**WHAT NEEDS TO BE DONE:**
Wherever pictures appear in the listing below, leave them out, and copy exactly, and only, everything from the line with "Weihrauch Extrakt* (Boswellia" down to the line with "Specify the time".

**SUPPLIED MATERIAL:**
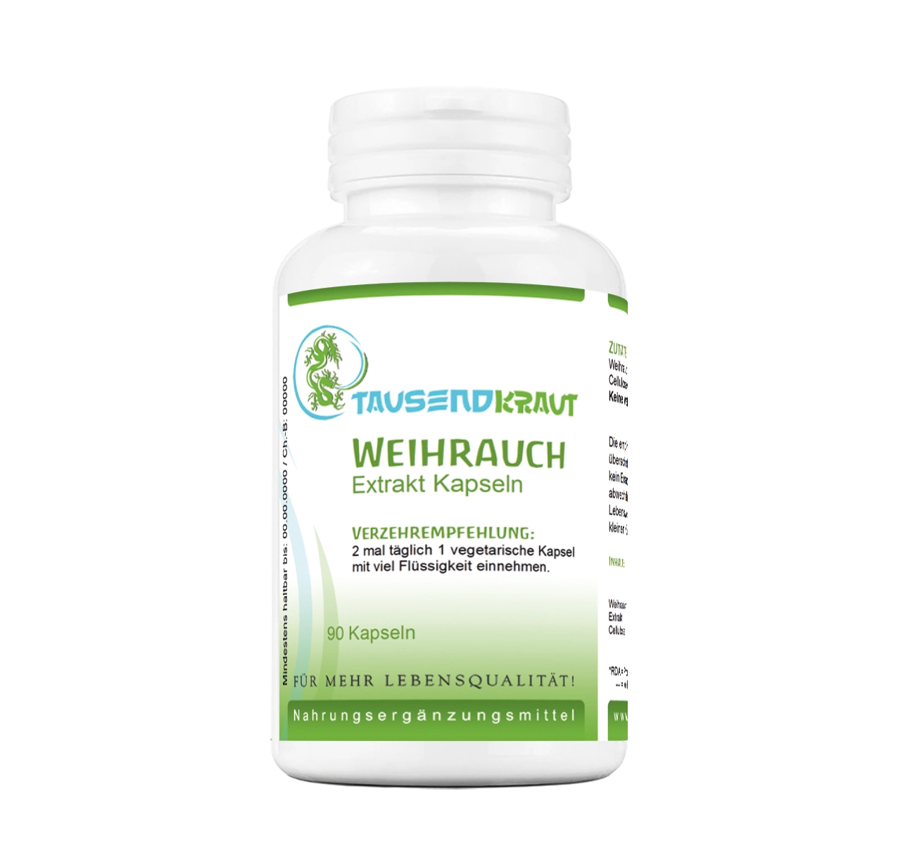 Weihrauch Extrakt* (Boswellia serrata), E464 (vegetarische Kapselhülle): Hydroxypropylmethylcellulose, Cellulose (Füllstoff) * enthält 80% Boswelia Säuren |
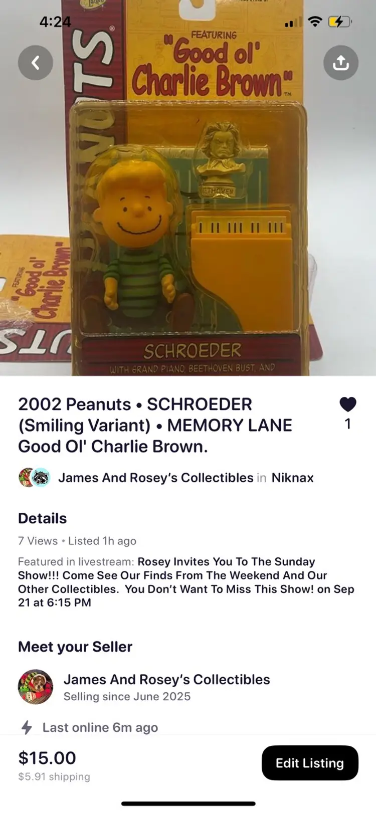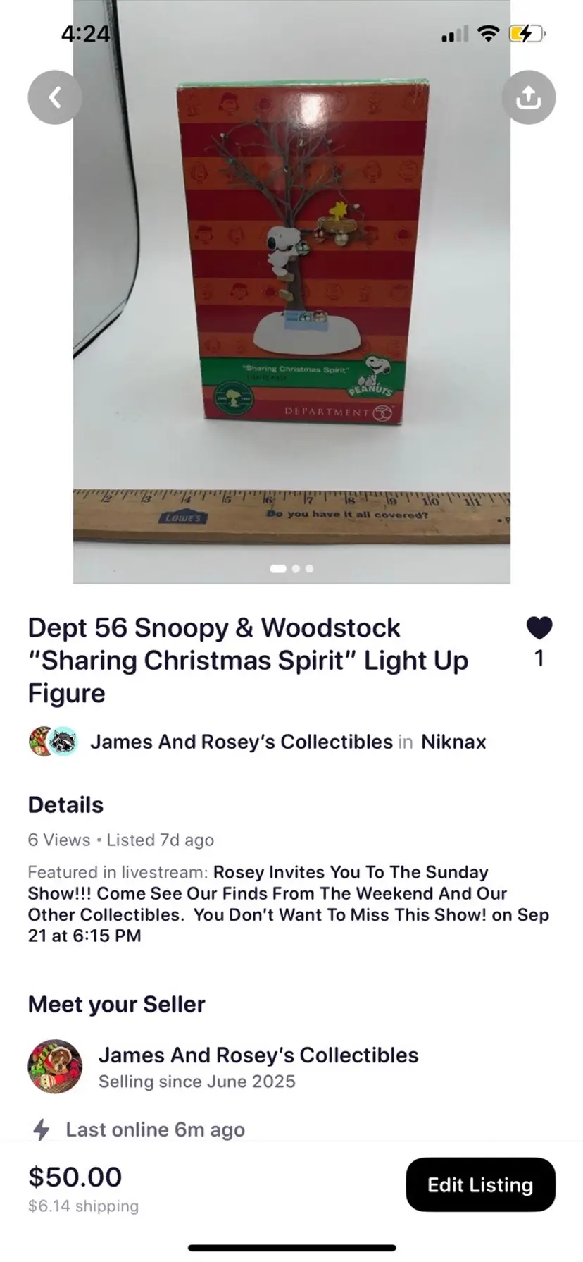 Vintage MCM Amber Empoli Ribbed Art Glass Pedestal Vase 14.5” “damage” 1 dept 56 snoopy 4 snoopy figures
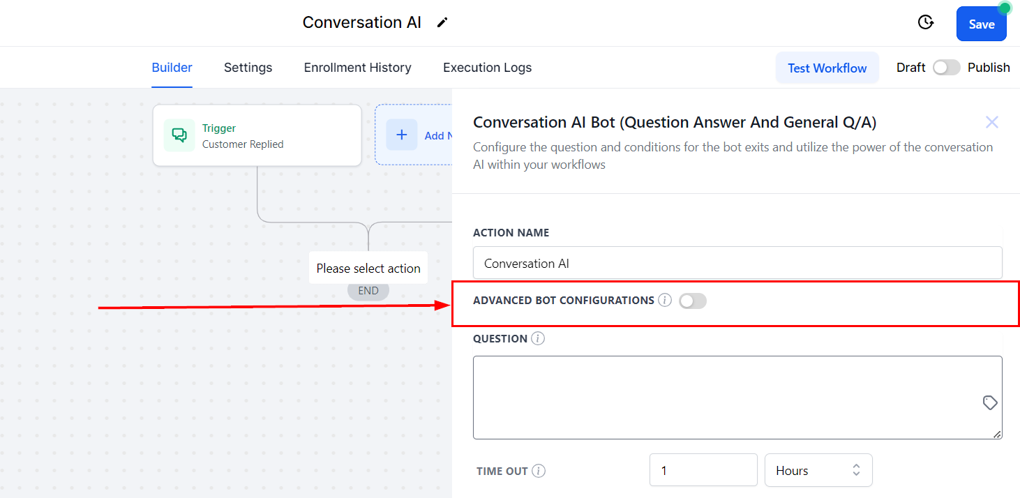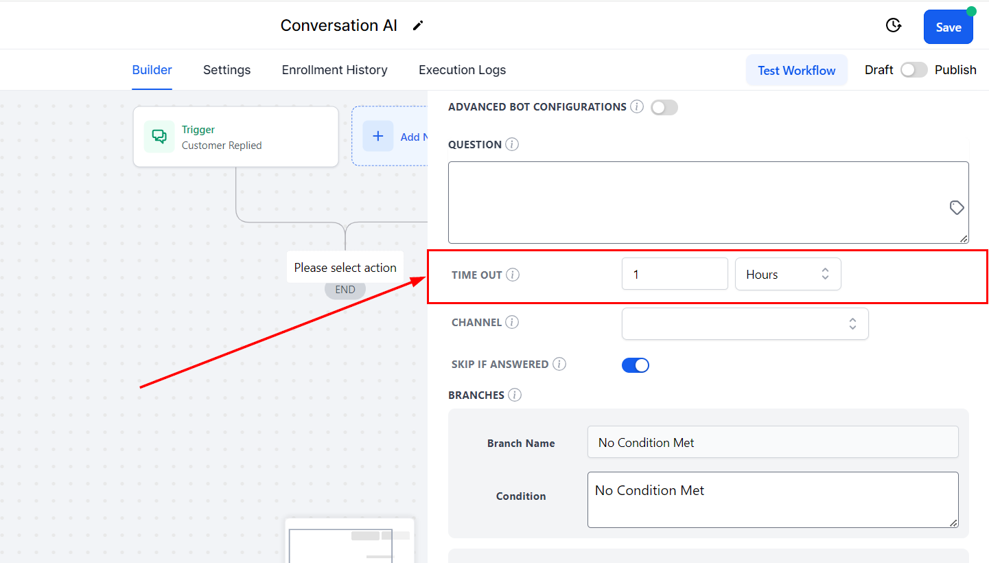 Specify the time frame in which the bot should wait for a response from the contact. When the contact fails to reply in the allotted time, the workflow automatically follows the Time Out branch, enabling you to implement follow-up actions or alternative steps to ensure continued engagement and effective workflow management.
==
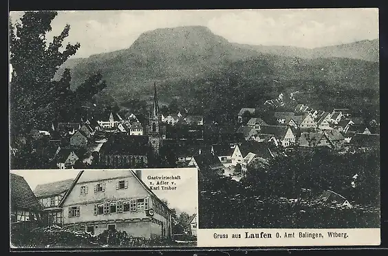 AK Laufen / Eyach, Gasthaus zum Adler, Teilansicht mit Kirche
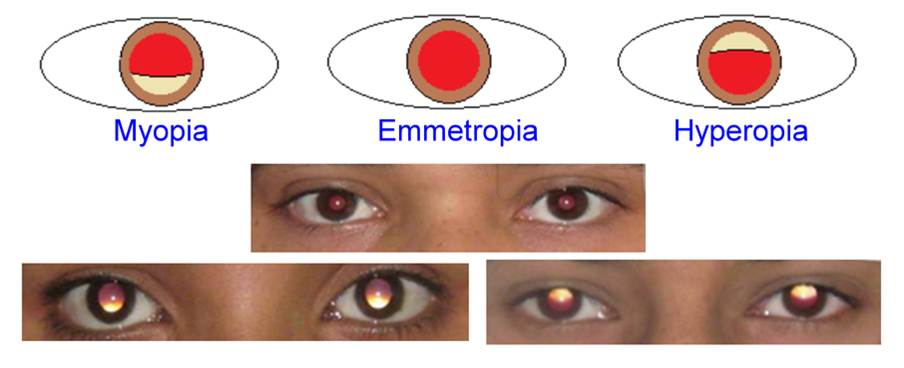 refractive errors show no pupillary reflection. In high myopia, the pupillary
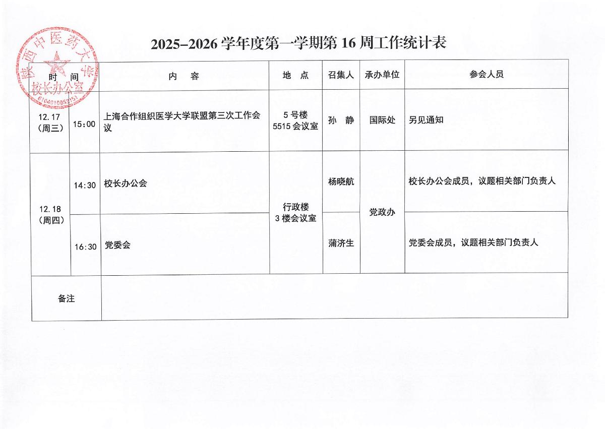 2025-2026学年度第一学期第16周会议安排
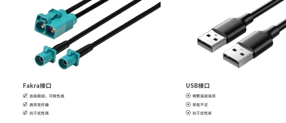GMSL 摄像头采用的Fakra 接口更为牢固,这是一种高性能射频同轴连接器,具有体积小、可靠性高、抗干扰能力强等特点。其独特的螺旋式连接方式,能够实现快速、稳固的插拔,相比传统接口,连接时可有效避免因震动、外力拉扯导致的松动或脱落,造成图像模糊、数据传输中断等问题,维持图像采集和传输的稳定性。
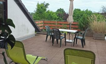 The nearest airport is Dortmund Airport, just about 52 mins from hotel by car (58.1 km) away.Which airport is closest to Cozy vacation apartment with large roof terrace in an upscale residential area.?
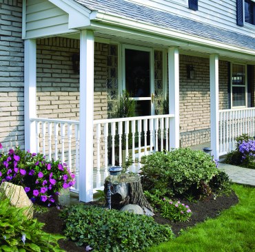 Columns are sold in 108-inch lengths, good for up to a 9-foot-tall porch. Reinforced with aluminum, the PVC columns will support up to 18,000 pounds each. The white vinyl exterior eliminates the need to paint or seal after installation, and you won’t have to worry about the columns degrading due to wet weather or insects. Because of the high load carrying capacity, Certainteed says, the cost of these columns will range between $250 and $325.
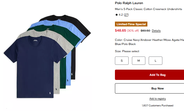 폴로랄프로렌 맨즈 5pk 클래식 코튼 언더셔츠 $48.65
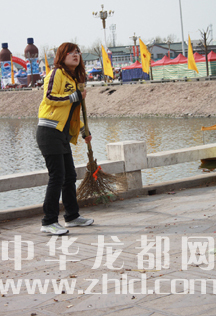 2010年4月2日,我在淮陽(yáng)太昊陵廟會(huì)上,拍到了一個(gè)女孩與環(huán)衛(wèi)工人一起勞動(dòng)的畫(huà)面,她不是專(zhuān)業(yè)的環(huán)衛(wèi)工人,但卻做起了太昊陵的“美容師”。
--
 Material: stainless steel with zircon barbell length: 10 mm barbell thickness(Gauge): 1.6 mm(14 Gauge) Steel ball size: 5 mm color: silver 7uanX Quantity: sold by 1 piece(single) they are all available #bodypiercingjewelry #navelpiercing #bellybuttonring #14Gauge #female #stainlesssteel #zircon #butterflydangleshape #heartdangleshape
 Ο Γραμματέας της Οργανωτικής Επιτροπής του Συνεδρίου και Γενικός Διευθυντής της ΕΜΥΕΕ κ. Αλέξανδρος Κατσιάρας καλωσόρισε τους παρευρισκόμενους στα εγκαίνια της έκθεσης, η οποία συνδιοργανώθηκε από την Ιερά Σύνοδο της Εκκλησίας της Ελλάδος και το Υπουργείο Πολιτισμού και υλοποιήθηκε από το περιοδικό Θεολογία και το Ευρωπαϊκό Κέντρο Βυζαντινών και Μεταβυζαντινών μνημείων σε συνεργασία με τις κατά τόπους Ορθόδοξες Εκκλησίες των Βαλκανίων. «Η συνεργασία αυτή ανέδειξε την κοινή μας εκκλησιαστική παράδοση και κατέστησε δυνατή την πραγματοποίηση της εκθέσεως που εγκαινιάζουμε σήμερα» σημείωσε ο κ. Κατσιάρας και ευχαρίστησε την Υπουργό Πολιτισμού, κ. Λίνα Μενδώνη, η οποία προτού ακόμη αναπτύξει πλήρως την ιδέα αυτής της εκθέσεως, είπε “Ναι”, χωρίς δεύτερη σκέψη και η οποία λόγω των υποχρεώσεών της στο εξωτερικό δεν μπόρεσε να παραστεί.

**THE ANSWER:**
 Weihrauch Extrakt* (Boswellia serrata), E464 (vegetarische Kapselhülle): Hydroxypropylmethylcellulose, Cellulose (Füllstoff) * enthält 80% Boswelia Säuren |
 Vintage MCM Amber Empoli Ribbed Art Glass Pedestal Vase 14.5” “damage” 1 dept 56 snoopy 4 snoopy figures
 Specify the time frame in which the bot should wait for a response from the contact. When the contact fails to reply in the allotted time, the workflow automatically follows the Time Out branch, enabling you to implement follow-up actions or alternative steps to ensure continued engagement and effective workflow management.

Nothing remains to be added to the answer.